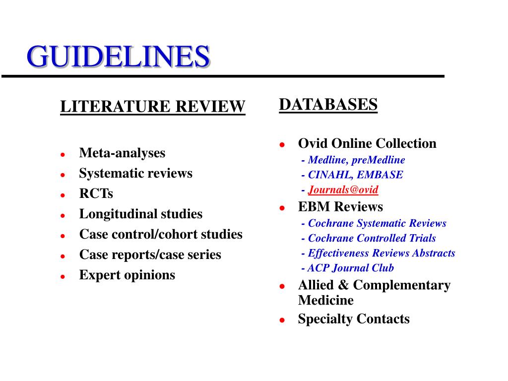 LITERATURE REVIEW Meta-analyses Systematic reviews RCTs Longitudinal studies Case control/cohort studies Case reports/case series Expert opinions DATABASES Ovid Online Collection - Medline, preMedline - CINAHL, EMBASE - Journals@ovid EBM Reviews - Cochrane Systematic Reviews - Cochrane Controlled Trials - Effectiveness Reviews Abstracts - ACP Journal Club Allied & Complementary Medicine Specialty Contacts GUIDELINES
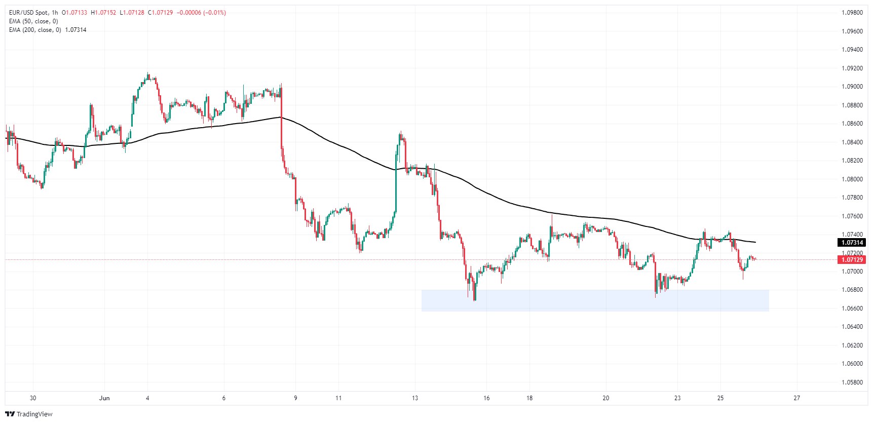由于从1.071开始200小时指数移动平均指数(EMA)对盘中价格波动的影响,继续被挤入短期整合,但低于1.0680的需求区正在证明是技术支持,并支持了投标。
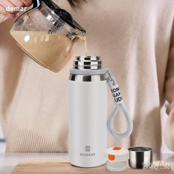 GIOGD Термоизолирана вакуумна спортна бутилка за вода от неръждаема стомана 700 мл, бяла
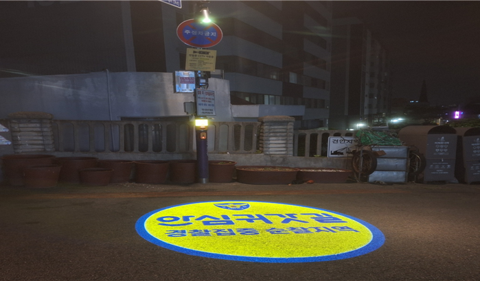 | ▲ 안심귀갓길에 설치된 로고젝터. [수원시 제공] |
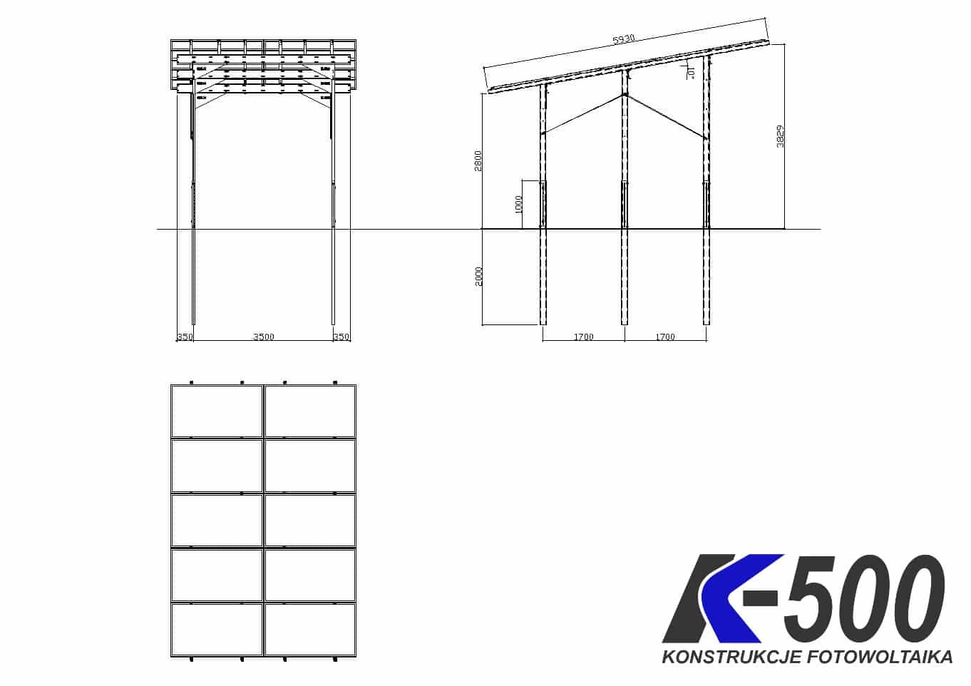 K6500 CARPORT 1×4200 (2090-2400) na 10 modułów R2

━━━━━━━━

• _PROBLEM TO SOLVE_
All entries must be output unchanged, with every picture omitted.

• _ANSWER BOX_
 LITERATURE REVIEW Meta-analyses Systematic reviews RCTs Longitudinal studies Case control/cohort studies Case reports/case series Expert opinions DATABASES Ovid Online Collection - Medline, preMedline - CINAHL, EMBASE - Journals@ovid EBM Reviews - Cochrane Systematic Reviews - Cochrane Controlled Trials - Effectiveness Reviews Abstracts - ACP Journal Club Allied & Complementary Medicine Specialty Contacts GUIDELINES
由于从1.071开始200小时指数移动平均指数(EMA)对盘中价格波动的影响,继续被挤入短期整合,但低于1.0680的需求区正在证明是技术支持,并支持了投标。
 GIOGD Термоизолирана вакуумна спортна бутилка за вода от неръждаема стомана 700 мл, бяла
 | ▲ 안심귀갓길에 설치된 로고젝터. [수원시 제공] |
 K6500 CARPORT 1×4200 (2090-2400) na 10 modułów R2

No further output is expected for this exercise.